Short reads were recorded in FASTQ format. The high quality data for bioinformatics analysis were generated as the following: (1) discard read pairs if either read contains adapter sequences (>10 nucleotides aligned to the adapter, allowing ≤ 10% mismatches); (2) discard read pairs if either read contains more than 10% of uncertain bases; and (3) discard read pairs if either read contains more than 50% low quality (Phred quality <5) bases. The following statistics were calculated and deposited in Supplementary Table: total number of reads; sequencing error rate; percentage of reads with average quality score >20; percentage of reads with average quality score >30; and GC content distribution.

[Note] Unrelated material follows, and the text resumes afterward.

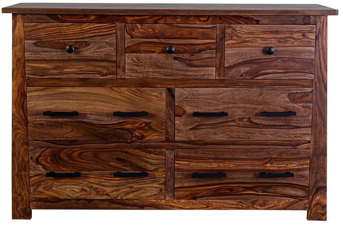 The solid wood Kalispell Collection is an homage to the American Arts & Crafts movement. Handmade in India by artisans, this collection celebrates quality craftsmanship and the beautiful, rich grain of sheesham wood. Hammered black metal hardware and tapered lines add architectural detail to this classic wood collection. The harvest finish is a rich, honey-tone which accentuates the beautiful grain variation of the Sheesham Wood.

Sequencing reads were aligned to the Human Genome Reference Consortium build 38 (GRCh38) using BWA v0.7.8. Unaligned reads that passed the Illumina’s quality filter (PF reads) were stored in the BAM file as well. We used the "Picard" pipeline to combine data from multiple libraries and flow cell runs into a single BAM file for any single sample. Only uniquely aligned, de-duplicated reads were used in subsequent analysis. Individual BAM file contains reads aligned to the human genome with quality scores recalibrated using Genome Analysis Toolkit (GATK)’s Table Recalibration tool. All sites potentially harboring small insertions or deletions in either the tumor or the matched normal were realigned using GATK.
| Workflow | Software |
|---|---|
| Step1: Alignment | BWA MEM 、Samtools |
| Step2: BAM Sort and Merge | Picard Tools 、Samtools |
| Step3: Mark and Remove Duplicates | Picard Tools |
| Step4: Local Realignment | GATK |
| Step5: Base Quality Score Recalibration | GATK |
bwa mem \
-t 5 \
-M -R <read_group> \
<reference.fa> \
<fastq_1.fq.gz> \
<fastq_2.fq.gz> \
|samtools view -b -S -t \
<reference.fa.fai> \
- > \
<sample.bam>
# Bam Sort
samtools sort \
<sample.bam> \
<sample.sort>
# Bam Merge
java -Xmx5g -jar MergeSamFiles.jar \
INPUT= <sample.L1.sort.bam> \
INPUT= <sample.L2.sort.bam> \
OUTPUT= <sample.sort.bam> \
SORT_ORDER=coordinate \
TMP_DIR= <outdir> \
USE_THREADING=true \
CREATE_INDEX=true \
VALIDATION_STRINGENCY=SILENT \
MAX_RECORDS_IN_RAM=4000000
java -Xmx10g -jar MarkDuplicates.jar \
TMP_DIR= <outdir> \
INPUT= <sample.sort.bam> \
OUTPUT= <sample.nodup.bam> \
METRICS_FILE= <sample.sort.metrics> \
VALIDATION_STRINGENCY=SILENT \
ASSUME_SORTED=true \
CREATE_INDEX=true \
REMOVE_DUPLICATES=true \
MAX_RECORDS_IN_RAM=4000000
java -Xmx14g -jar GenomeAnalysisTK.jar \
-T RealignerTargetCreator \
-nt 6 \
-R <reference.fa> \
-I <sample.nodup.bam> \
-known <known_indels.vcf> \
-o <sample.nodup.bam.intervals> && \
java -Xmx14g -jar GenomeAnalysisTK.jar \
-T IndelRealigner \
-R <reference.fa> \
-I <sample.nodup.bam> \
-targetIntervals <sample.nodup.bam.intervals> \
-known <known_indels.vcf> \
-o <sample.nodup.realn.bam>
java -Xmx14g -jar GenomeAnalysisTK.jar \
-T BaseRecalibrator \
-nct 6 \
-R <reference.fa> \
-I <sample.nodup.realn.bam> \
-rf BadCigar \
-knownSites <dbsnp.vcf> \
-o <recal_data.table> && \
java -Xmx14g -jar GenomeAnalysisTK.jar \
-T PrintReads \
-R <reference.fa> \
-I <sample.nodup.realn.bam> \
-BQSR <recal_data.table> \
-o <ample.nodup.realn.recal.bam>
We used GATK's HaplotypeCaller to perform germline mutation calling.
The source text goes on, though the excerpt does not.